Wednesday, December 11th, 2019
03:00pm - 04:00pm, in Science 2-064

Uri Eden

Boston University

Characterizing complex, multi-scale neural phenomena using state-space models

Abstract: In the past few decades, neuroscientists have seen a massive expansion in their ability to record neural activity - from many more cells, from multiple brain areas, and across multiple spatial and temporal scales. This has led to a concomitant increase in the complexity of neural coding and communication properties that neuroscientists have sought to explore. For example, ripple-replay events in the rat hippocampus comprise high frequency field oscillations, called ripples, behavioral periods with no active exploration, and the reactivation of sequences of spikes across a neural ensemble corresponding to previous experience. Understanding the roles and mechanisms of such phenomena requires the ability to integrate information from multiple sources across neural ensembles, brain regions, and scales. Experimental neuroscientists are often limited in the statistical and data analysis tools available to deal with such multimodal data.
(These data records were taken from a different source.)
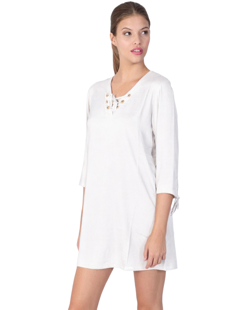 Платье-туника свободного кроя в белом цвете - отличный выбор для девушек на пляже. Туника выполнена из дышащего материала и не сковывает движений.
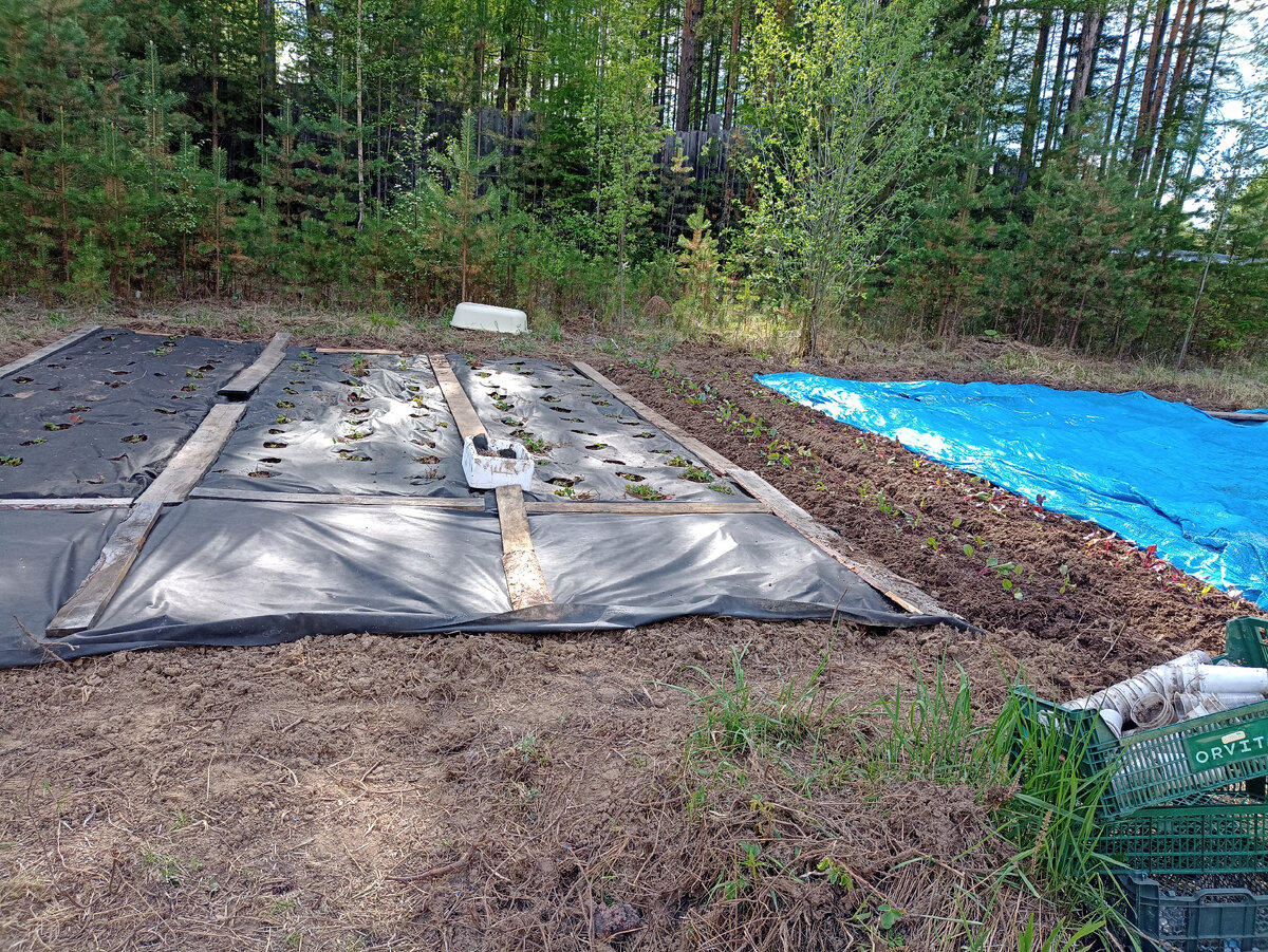 Продолжаю свой рассказ) Тяжеловато конечно разрываться между дачей и сторойкой,но я как-то привыкла.Подумаешь,каких-то 17 км между ними,сел да приехал,куда надо!) В прошлом году меня стукнуло по голове очередной гениальной идеей!!!Надо вспахать целину на участке,где стройка!!!А там чего только не выросло за период нашего бездествия на огороде.Он был не в приоритете,поскольку надо было "строить и не отвлекаться",как завещал великий муж мой) Ну если у Ани стукнуло,тут уж никакие завещания не помогут.Нашлись хорошие парни с мотоплугом,которые распахали мне заросли шиповника,пырея ,осота и прочей гадости на будущей плантации) Хватило места под клубнику,свеклу и ещё "на перспективы".Видите,синим тентом накрыто?Это под помидоры сезона 2023))) А Мурыся вот смеётся над моими планами!Говорит, что я не справлюсь!Наивная))) Всё у меня получится) А если ещё наплачу теплицу на Левом берегу в этом году,то вообще от счастья буду прыгать и плясать) Спасибо вам,что вы со мной♥️♥️♥️
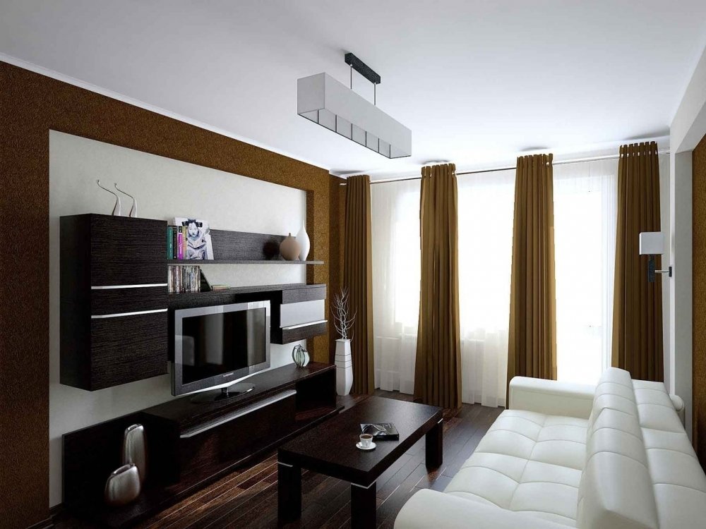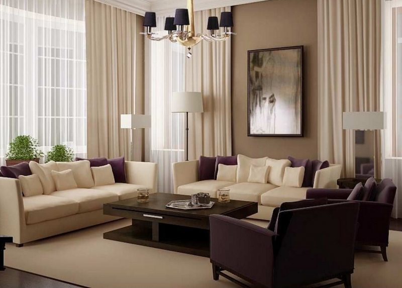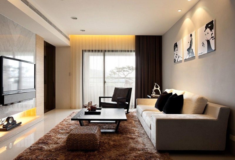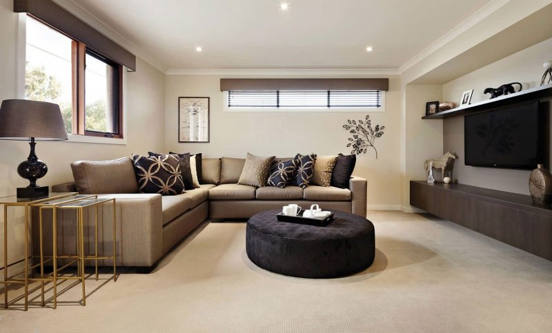 Dans ce cas, même la taille et la géométrie de la pièce ne sont pas déterminantes. Dans un tel salon, le canapé joue généralement le rôle principal. Vous pouvez placer cet objet au centre, le long du mur, près de la fenêtre. L'emplacement dans le coin est rarement utilisé.
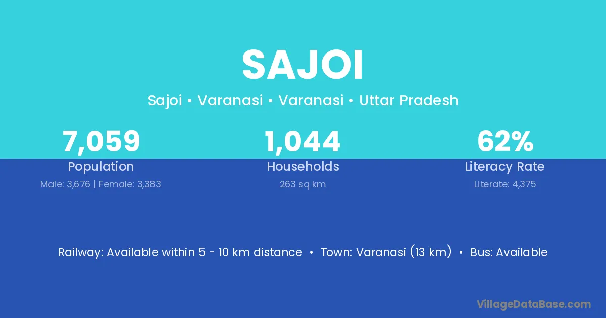 Sajoi village has a total population of 5,503 people, of which 2,780 are males and 2,723 are females.
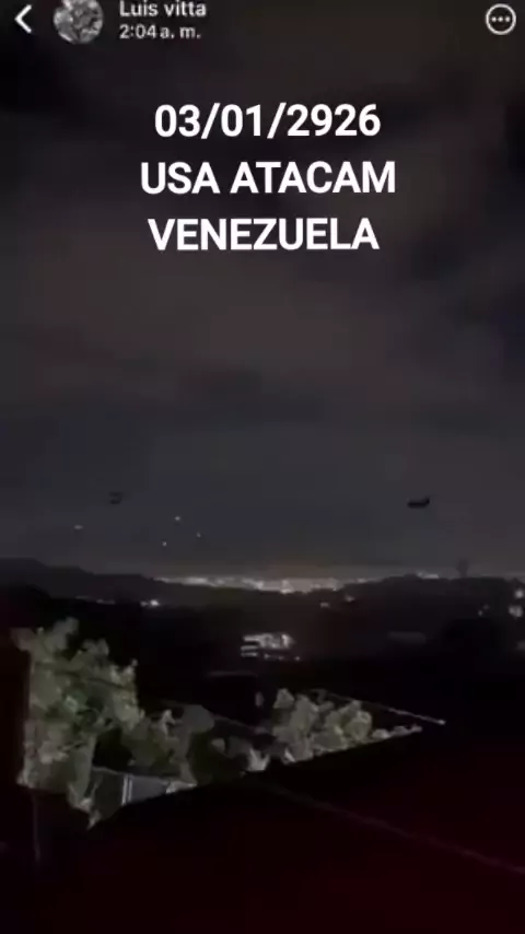 #GUERRA Helicópteros Chinook transportando forças especiais americanas e, ao fundo, explosões de ataques aéreos. Está decorrendo neste momento uma ação militar americana contra Caracas, capital da Venezuela, mas ainda não sabemos a extensão completa do ataque.

The state-space paradigm provides a natural statistical modeling approach for integrating information across multiple sources and scales, for discovering low dimensional representations of behavioral and cognitive states, and for expressing confidence about estimates and inferences. In this talk, I will review the fundamental features of the state-space paradigm, discuss successful applications of the paradigm to various neural data analysis problems, and discuss a new extension of these methods to better understand the phenomenon of hippocampal replay. Specifically, I will discuss a semi-latent state-space model that combines information from a rat’s movement, LFP, and ensemble hippocampal spiking to simultaneously identify periods of replay and decode the replay content in real time.